OAuth is the fastest way to validate cross-tenant ADO access. The connector uses your Entra ID sign-in, so the agent inherits whatever ADO permissions you have in the target tenant - no app registration, no Federated Identity Credential, no service principal to provision.
When you're ready to move off your personal identity for production, switch the same agent to the MI + FIC knowledge source path. The Azure DevOps MCP connector will pick up whichever per-organization auth you have configured.
Prerequisites
- An Azure SRE Agent in Running state
- SRE Agent Administrator role on the agent (connector management requires admin)
- A user account in the target tenant with Contributor access on the ADO project (required for work item creation)
Step 1: Add the Azure DevOps OAuth connector
- Open your agent at sre.azure.com
- Go to Builder -> Connectors -> Add connector
- Select Azure DevOps OAuth connector
- Click Next
Step 2: Configure and sign in
- Name: Enter a descriptive name (e.g.,
cross-tenant-ado-oauth) - Organization: Enter the target ADO organization name (e.g.,
contosoormyorg) - Authentication method: Select Auth
- Click Sign in to Azure DevOps
- Complete the Entra ID sign-in in the popup using your account in the target tenant
- On success, you'll see Connected to Azure DevOps with a green checkmark
If you see "Authentication Failed," verify your account has access to the specified ADO organization.
Step 3: Review and add
- Click Next to review
- Verify Name, Organization, and Type: Azure DevOps OAuth
- Click Add
The connector appears in your connectors list with Connected status.
Step 4: Test it
Open a new chat thread and try both reading and writing:
Search code:
"Search for authentication error handling in the payment-service repo"
Reference a wiki:
"What does our team wiki say about the deployment rollback procedure?"
The OAuth ADO connector grants the agent code-search and work-item access only. To let the agent search a wiki, add it through Knowledge Sources -> Add Azure DevOps (the same flow used for ADO repos) - see Azure DevOps as a Knowledge Source.
Create a work item:
"Create a task in our Azure DevOps project to investigate the high CPU alert on web-prod-01"

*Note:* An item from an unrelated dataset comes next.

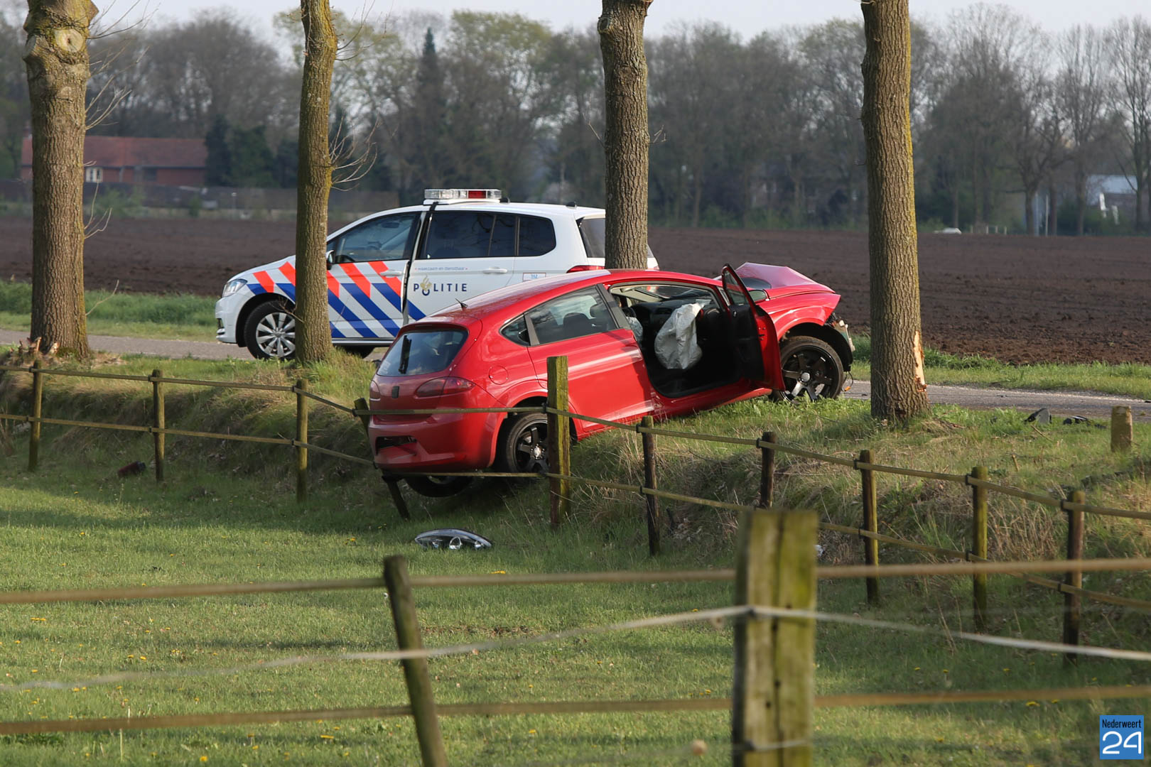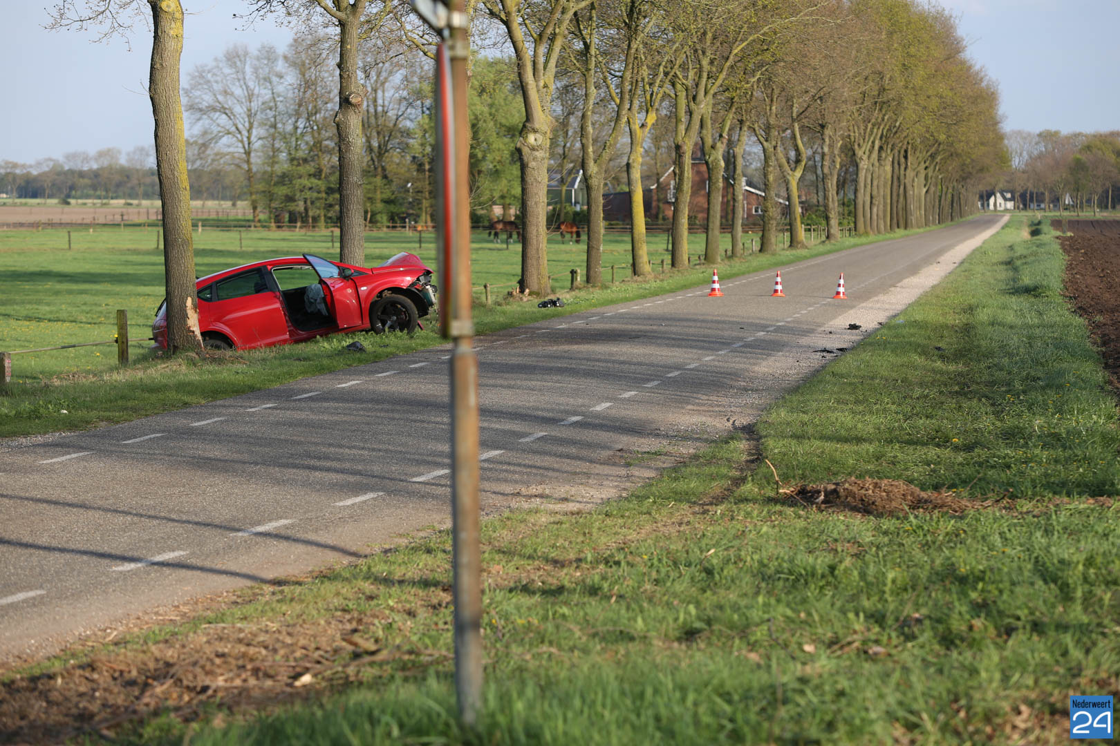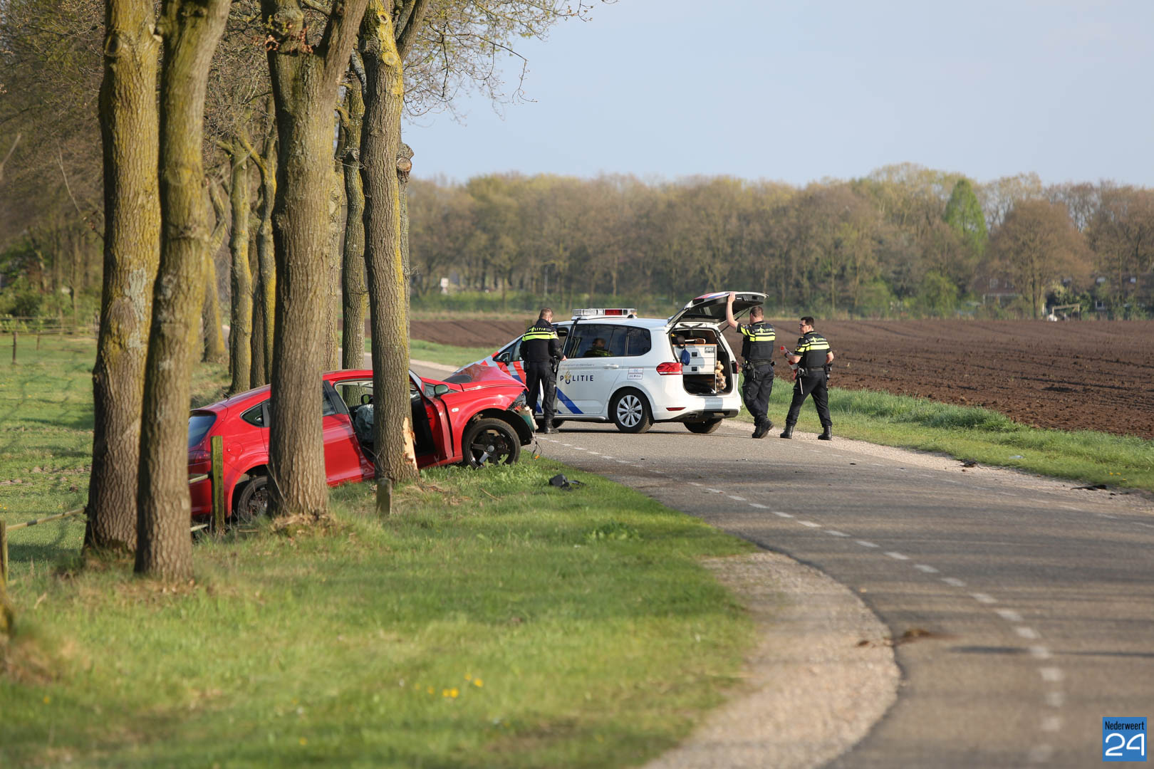 Donderdagmorgen is een auto uit de bocht gevlogen en tegen een boom tot stilstand gekomen op de Grathemerweg in Kelpen-Oler.

"File a bug in the payment-service project for the P1 incident - include the root cause analysis"
For reads, the agent returns code snippets. For work items, the agent confirms the action and includes a link to the new item in ADO.
When OAuth isn't enough
OAuth tokens are bound to your identity, so the connector stops working when you leave the team or your sign-in lapses. For agents that run unattended in production, set up MI + FIC on the same agent - the Azure DevOps MCP connector will use it for the same organization automatically.
PAT fallback
If neither OAuth nor MI + FIC is an option, the Add Repository dialog accepts a Personal Access Token:
- In the target ADO org, go to
dev.azure.com/{org}/_usersSettings/tokens-> New Token with scopesWork Items: Read & WriteandCode: Read. - In the agent, open Knowledge sources -> Add repository, choose Azure DevOps, switch the auth method to Personal Access Token, enter the organization, paste the PAT, and save.
- Ask the agent to create a work item to confirm it's using the stored PAT.
Automate PAT registration via REST API
For unattended automation (CI/CD pipelines), you can POST the PAT directly to the agent's REST API instead of using the portal:
curl -X POST "https://<your-agent-endpoint>/api/v1/azuredevops/auth/pat" \
-H "Authorization: Bearer <your-agent-token>" \
-H "Content-Type: application/x-www-form-urlencoded" \
-d "organization=<your-ado-org>&pat=<your-pat>"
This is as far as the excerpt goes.